High GPU usage for small grid size ?

Hello everyone,

I was wondering what cause the gpu usage to be high ? Is it the grid size initialization ? Because I’m currently trying to run multiple instance of an handmade neural network and the gpu is always at 99% (nvidia-smi) whatever is the size of my neural net. My gpu is a Titan X Maxwell, here is a sample of the initialization used before launching different kernel :

// Initializing grid dimensions for each case                                                                                                                                                                                       
dim3 dim_grid((loader.maxValue + BLOCK_SIZE -1)/ BLOCK_SIZE);                                                                                                                                                                       
dim3 dim_grid_output((loader.nbOutputs + BLOCK_SIZE -1)/ BLOCK_SIZE);                                                                                                                                                               
dim3 dim_grid_update((loader.weightSize + BLOCK_SIZE -1)/ BLOCK_SIZE);                                                                                                                                                              
dim3 dim_grid_train((loader.trainBatchSize + BLOCK_SIZE -1)/ BLOCK_SIZE);                                                                                                                                                           
dim3 dim_grid_dev((loader.devBatchSize + BLOCK_SIZE -1)/ BLOCK_SIZE);                                                                                                                                                               
dim3 dim_grid_test((loader.testBatchSize + BLOCK_SIZE -1)/ BLOCK_SIZE);                                                                                                                                                             
dim3 dim_grid_batch((loader.miniBatchSize + BLOCK_SIZE - 1)/BLOCK_SIZE);                                                                                                                                                            
dim3 dim_block(BLOCK_SIZE);


The biggest one is dim_grid_update where loader.weightSize represent each weight of the neural network. But in my current example it’s only 36 …

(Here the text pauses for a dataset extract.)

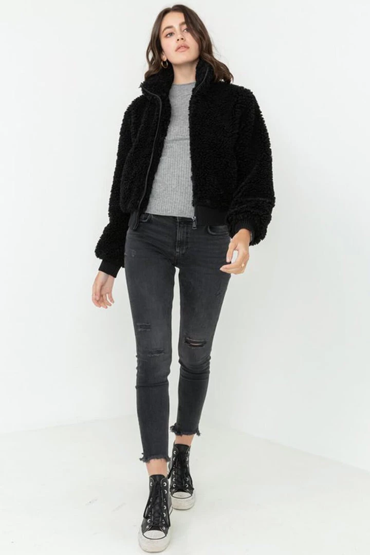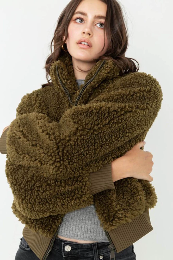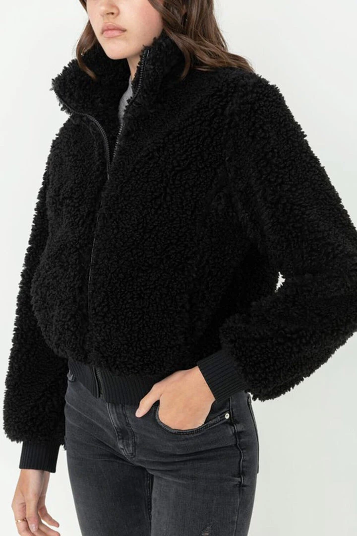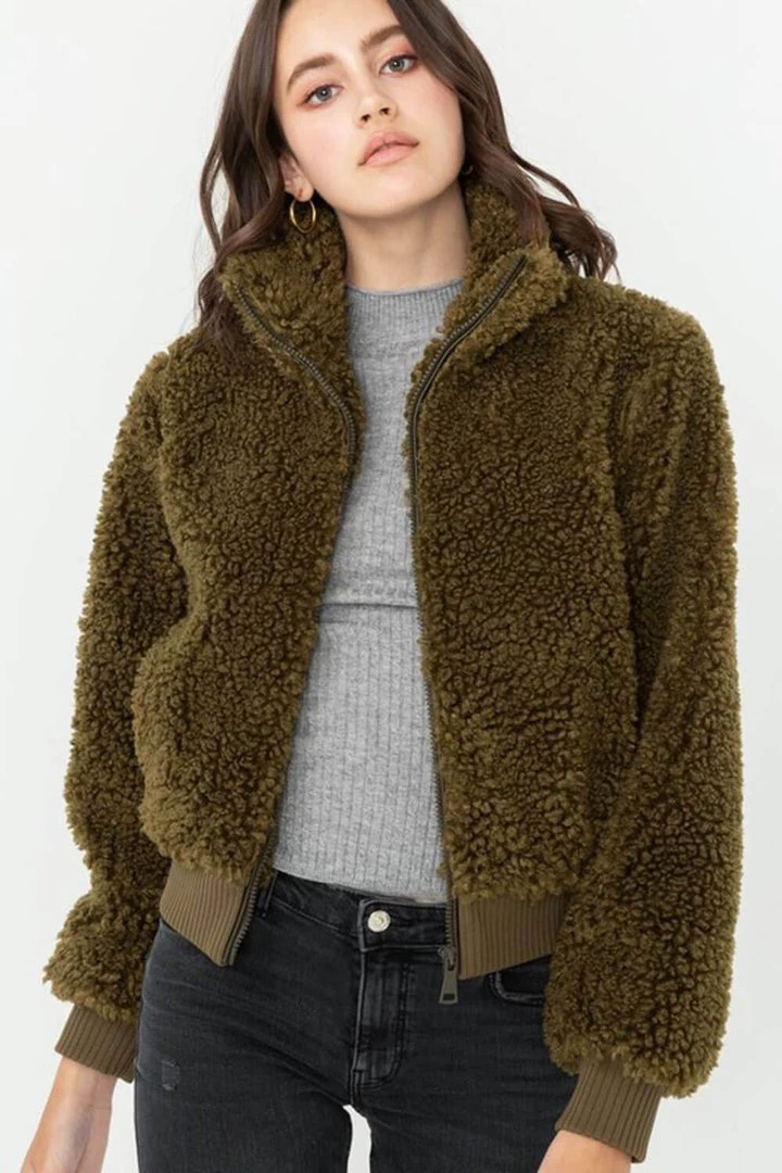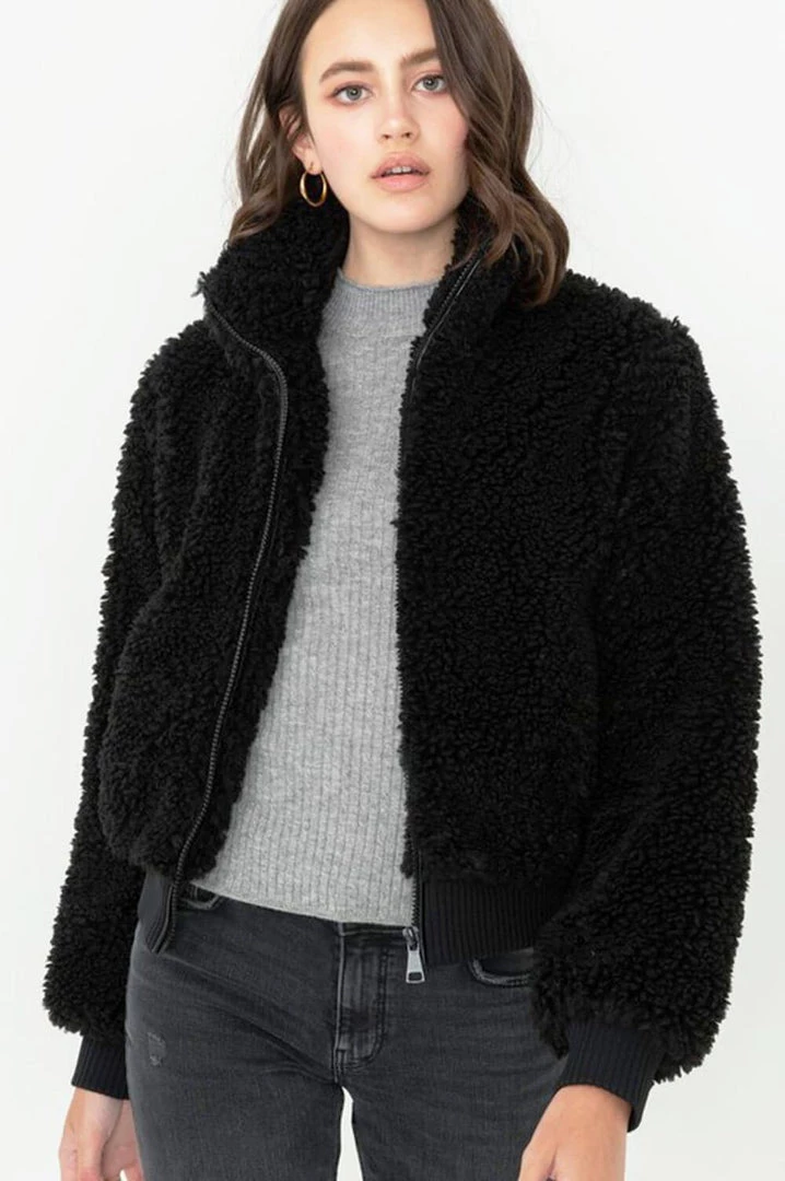 Soft fur zips up long sleeve bomber jacket.

When I run one instance of the neural network I got 4 epochs per seconds, when I run two of them, I got 2 epochs. So if I try to launch 10 instance it’s freakin slooooooow.

Thanks for the help !

gpu utilization as reported by nvidia-smi has nothing to do with grid size. It also has nothing to do with memory utilization (which is reported separately anyway.)


If one instance is “filling the GPU” (ie. utilizing resources in such a way that it mostly precludes kernel concurrency) then running multiple instances is not likely to see any benefit, as you are witnessing.

Well thanks you for this answer, but I can’t understand how a simple kernel by kernel (no concurrent kernel execution) program with small grid size can fill the GPU in such a way that I can’t launch another instance of the same program _.